§ Aim of the task
Retype the records in full, and please keep the pictures out of the copy.

[Records from a data collection]

------

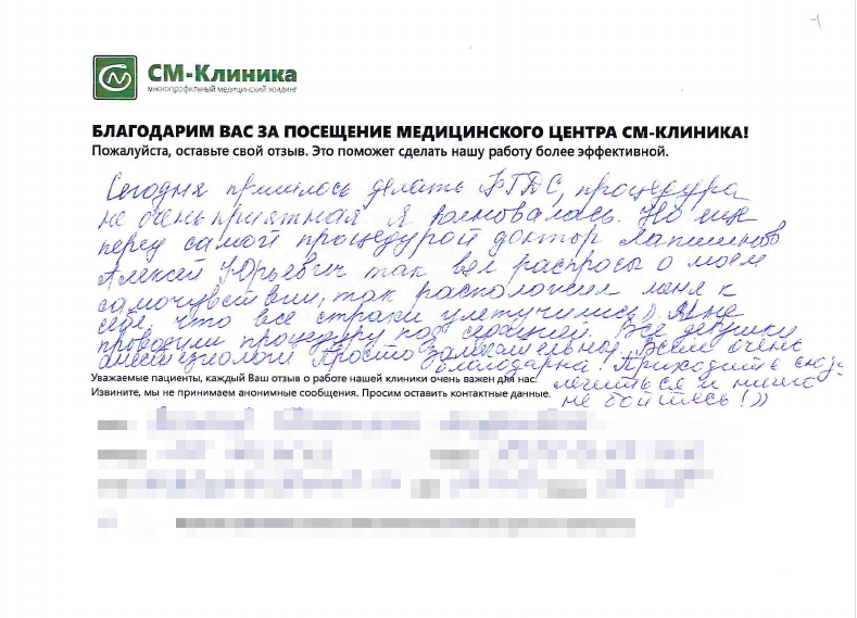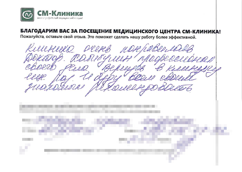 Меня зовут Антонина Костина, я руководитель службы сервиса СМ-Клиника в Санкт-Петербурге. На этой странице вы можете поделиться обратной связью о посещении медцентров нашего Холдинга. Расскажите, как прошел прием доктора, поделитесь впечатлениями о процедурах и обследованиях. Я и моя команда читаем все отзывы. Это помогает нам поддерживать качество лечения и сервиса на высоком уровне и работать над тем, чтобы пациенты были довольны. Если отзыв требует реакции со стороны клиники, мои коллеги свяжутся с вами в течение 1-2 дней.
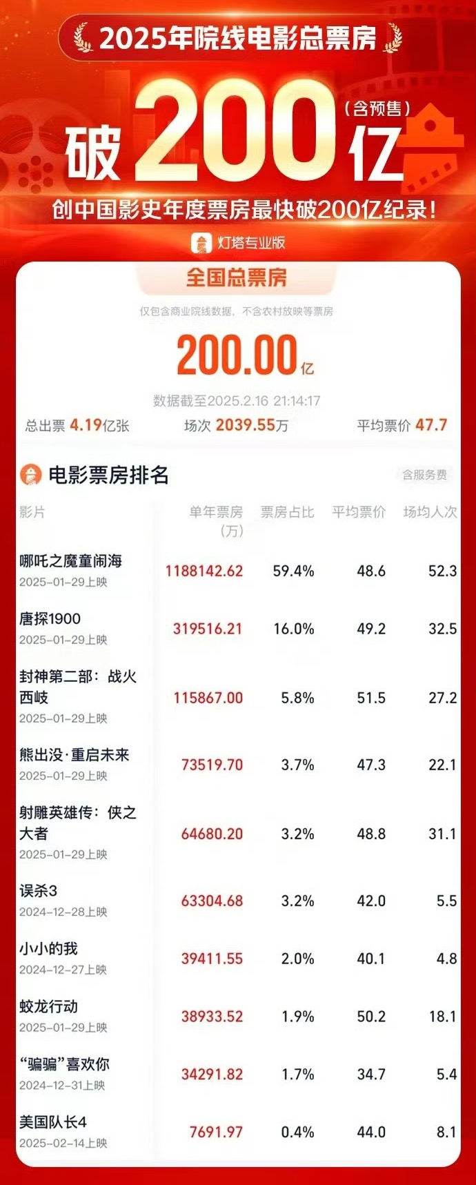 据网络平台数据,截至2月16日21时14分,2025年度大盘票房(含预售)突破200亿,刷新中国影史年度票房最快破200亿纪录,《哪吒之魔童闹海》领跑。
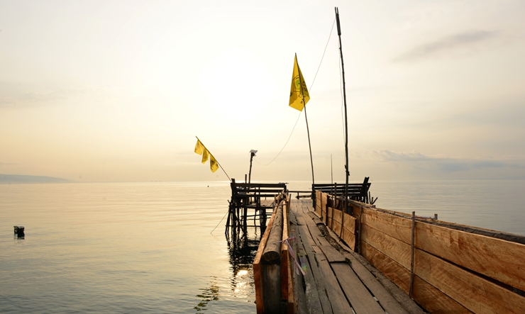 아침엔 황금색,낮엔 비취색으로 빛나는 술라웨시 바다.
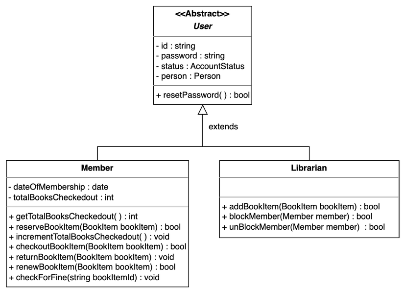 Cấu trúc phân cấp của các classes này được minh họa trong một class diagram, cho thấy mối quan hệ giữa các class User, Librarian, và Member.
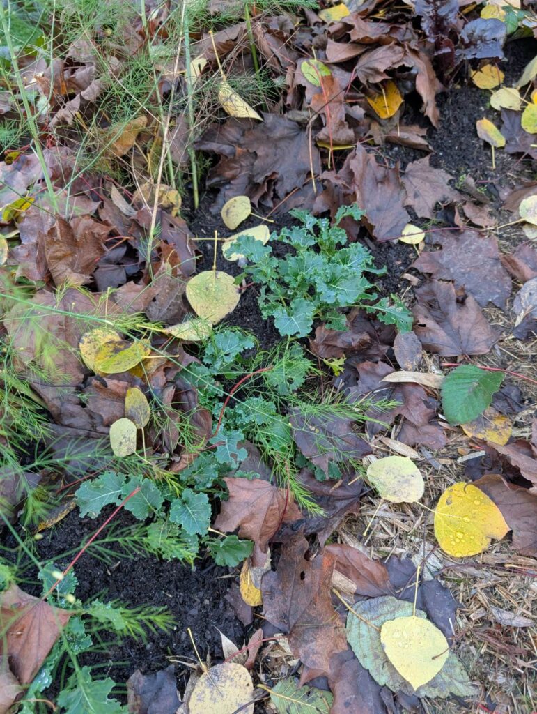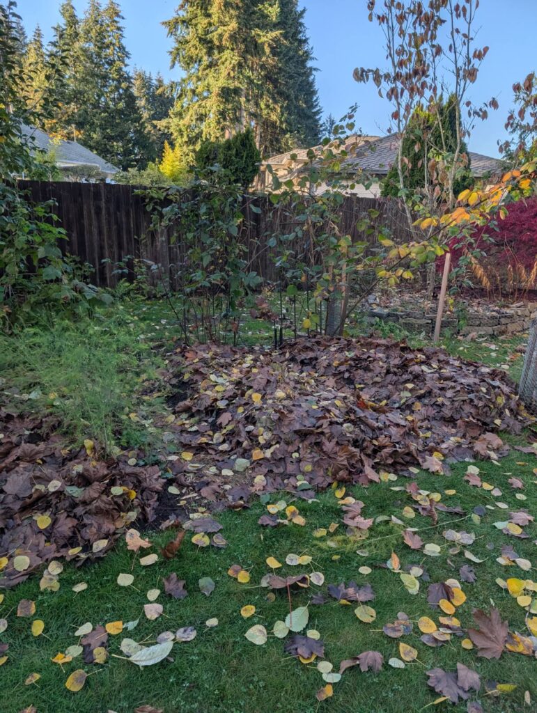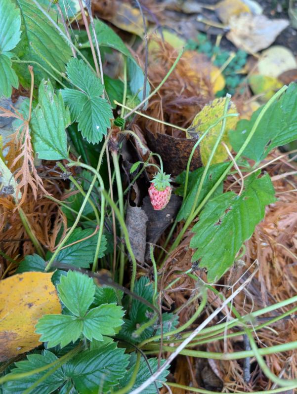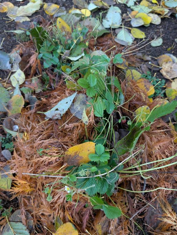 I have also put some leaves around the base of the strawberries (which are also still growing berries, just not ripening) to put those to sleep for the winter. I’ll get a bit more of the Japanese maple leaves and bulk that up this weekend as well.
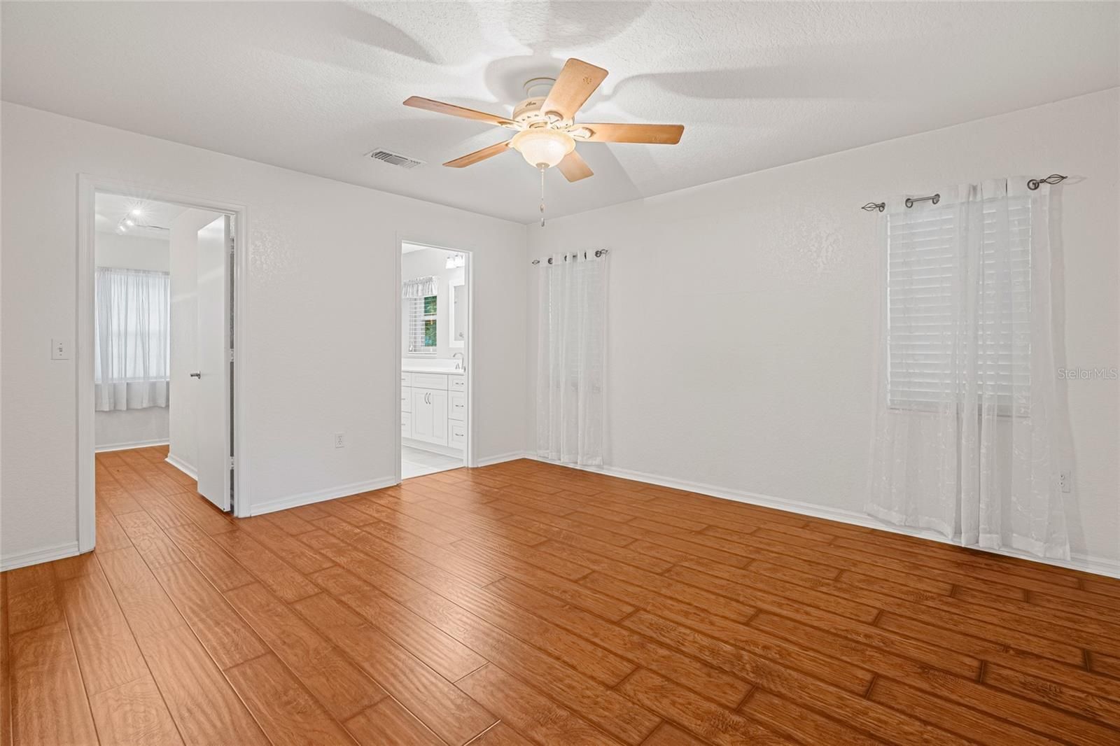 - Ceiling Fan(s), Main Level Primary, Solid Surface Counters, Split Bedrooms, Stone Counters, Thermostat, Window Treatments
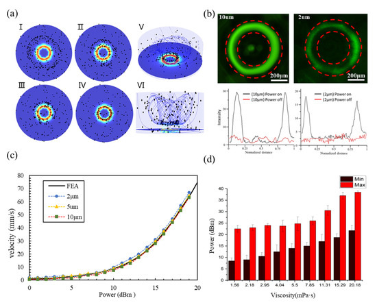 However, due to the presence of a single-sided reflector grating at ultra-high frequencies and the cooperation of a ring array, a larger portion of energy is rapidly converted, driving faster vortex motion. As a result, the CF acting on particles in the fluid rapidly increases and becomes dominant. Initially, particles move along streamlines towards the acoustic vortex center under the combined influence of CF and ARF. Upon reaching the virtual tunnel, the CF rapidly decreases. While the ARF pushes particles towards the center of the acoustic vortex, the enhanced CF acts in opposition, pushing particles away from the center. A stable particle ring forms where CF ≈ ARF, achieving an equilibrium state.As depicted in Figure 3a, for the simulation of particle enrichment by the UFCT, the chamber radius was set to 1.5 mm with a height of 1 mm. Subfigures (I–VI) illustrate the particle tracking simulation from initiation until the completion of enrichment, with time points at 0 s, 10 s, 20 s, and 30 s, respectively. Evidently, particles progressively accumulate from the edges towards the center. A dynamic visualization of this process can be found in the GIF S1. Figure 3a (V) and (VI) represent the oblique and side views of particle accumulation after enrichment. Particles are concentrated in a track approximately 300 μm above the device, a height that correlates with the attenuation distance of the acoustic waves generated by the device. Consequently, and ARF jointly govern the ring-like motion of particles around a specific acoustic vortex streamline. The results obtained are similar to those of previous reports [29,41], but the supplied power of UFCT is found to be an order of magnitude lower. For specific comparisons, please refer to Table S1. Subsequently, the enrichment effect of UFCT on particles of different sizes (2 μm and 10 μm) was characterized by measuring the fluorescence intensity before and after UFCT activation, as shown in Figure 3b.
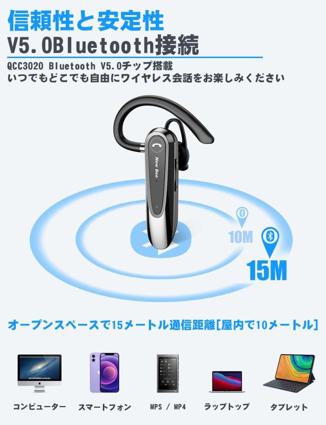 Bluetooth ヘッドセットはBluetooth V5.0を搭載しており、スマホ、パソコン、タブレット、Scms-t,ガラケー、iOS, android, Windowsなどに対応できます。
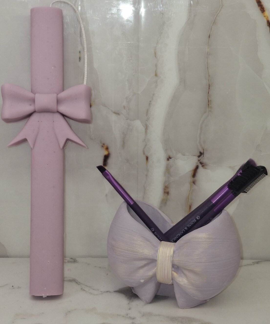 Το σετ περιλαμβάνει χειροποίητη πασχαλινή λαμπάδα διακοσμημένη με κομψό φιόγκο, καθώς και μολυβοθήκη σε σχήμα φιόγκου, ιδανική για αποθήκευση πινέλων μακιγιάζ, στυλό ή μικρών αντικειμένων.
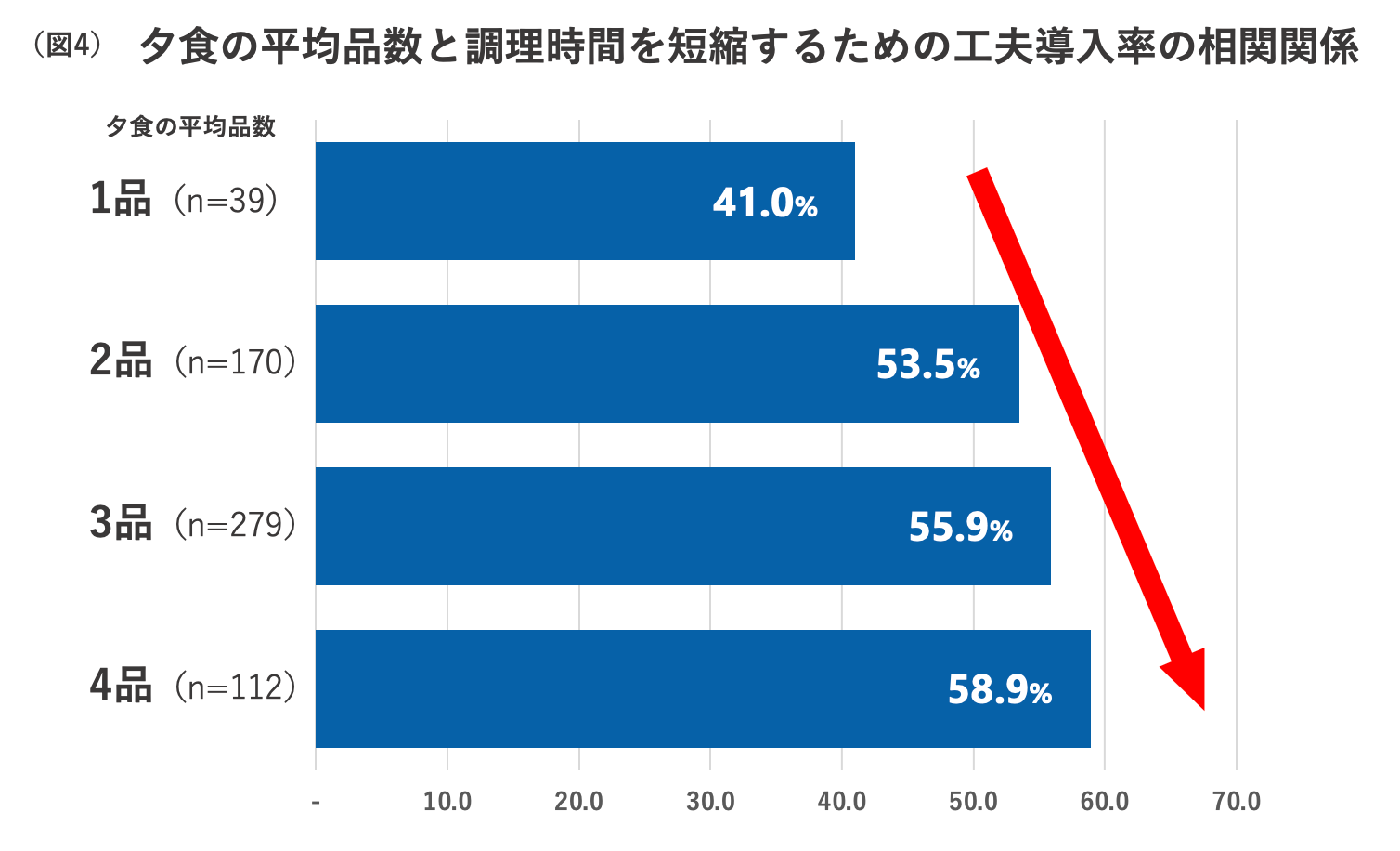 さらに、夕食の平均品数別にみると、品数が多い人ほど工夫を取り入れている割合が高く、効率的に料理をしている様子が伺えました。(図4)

------

§ Written answer
 Меня зовут Антонина Костина, я руководитель службы сервиса СМ-Клиника в Санкт-Петербурге. На этой странице вы можете поделиться обратной связью о посещении медцентров нашего Холдинга. Расскажите, как прошел прием доктора, поделитесь впечатлениями о процедурах и обследованиях. Я и моя команда читаем все отзывы. Это помогает нам поддерживать качество лечения и сервиса на высоком уровне и работать над тем, чтобы пациенты были довольны. Если отзыв требует реакции со стороны клиники, мои коллеги свяжутся с вами в течение 1-2 дней.
 据网络平台数据,截至2月16日21时14分,2025年度大盘票房(含预售)突破200亿,刷新中国影史年度票房最快破200亿纪录,《哪吒之魔童闹海》领跑。
 아침엔 황금색,낮엔 비취색으로 빛나는 술라웨시 바다.
 Cấu trúc phân cấp của các classes này được minh họa trong một class diagram, cho thấy mối quan hệ giữa các class User, Librarian, và Member.
 I have also put some leaves around the base of the strawberries (which are also still growing berries, just not ripening) to put those to sleep for the winter. I’ll get a bit more of the Japanese maple leaves and bulk that up this weekend as well.
 - Ceiling Fan(s), Main Level Primary, Solid Surface Counters, Split Bedrooms, Stone Counters, Thermostat, Window Treatments
 However, due to the presence of a single-sided reflector grating at ultra-high frequencies and the cooperation of a ring array, a larger portion of energy is rapidly converted, driving faster vortex motion. As a result, the CF acting on particles in the fluid rapidly increases and becomes dominant. Initially, particles move along streamlines towards the acoustic vortex center under the combined influence of CF and ARF. Upon reaching the virtual tunnel, the CF rapidly decreases. While the ARF pushes particles towards the center of the acoustic vortex, the enhanced CF acts in opposition, pushing particles away from the center. A stable particle ring forms where CF ≈ ARF, achieving an equilibrium state.As depicted in Figure 3a, for the simulation of particle enrichment by the UFCT, the chamber radius was set to 1.5 mm with a height of 1 mm. Subfigures (I–VI) illustrate the particle tracking simulation from initiation until the completion of enrichment, with time points at 0 s, 10 s, 20 s, and 30 s, respectively. Evidently, particles progressively accumulate from the edges towards the center. A dynamic visualization of this process can be found in the GIF S1. Figure 3a (V) and (VI) represent the oblique and side views of particle accumulation after enrichment. Particles are concentrated in a track approximately 300 μm above the device, a height that correlates with the attenuation distance of the acoustic waves generated by the device. Consequently, and ARF jointly govern the ring-like motion of particles around a specific acoustic vortex streamline. The results obtained are similar to those of previous reports [29,41], but the supplied power of UFCT is found to be an order of magnitude lower. For specific comparisons, please refer to Table S1. Subsequently, the enrichment effect of UFCT on particles of different sizes (2 μm and 10 μm) was characterized by measuring the fluorescence intensity before and after UFCT activation, as shown in Figure 3b.
 Bluetooth ヘッドセットはBluetooth V5.0を搭載しており、スマホ、パソコン、タブレット、Scms-t,ガラケー、iOS, android, Windowsなどに対応できます。
 Το σετ περιλαμβάνει χειροποίητη πασχαλινή λαμπάδα διακοσμημένη με κομψό φιόγκο, καθώς και μολυβοθήκη σε σχήμα φιόγκου, ιδανική για αποθήκευση πινέλων μακιγιάζ, στυλό ή μικρών αντικειμένων.
 さらに、夕食の平均品数別にみると、品数が多い人ほど工夫を取り入れている割合が高く、効率的に料理をしている様子が伺えました。(図4)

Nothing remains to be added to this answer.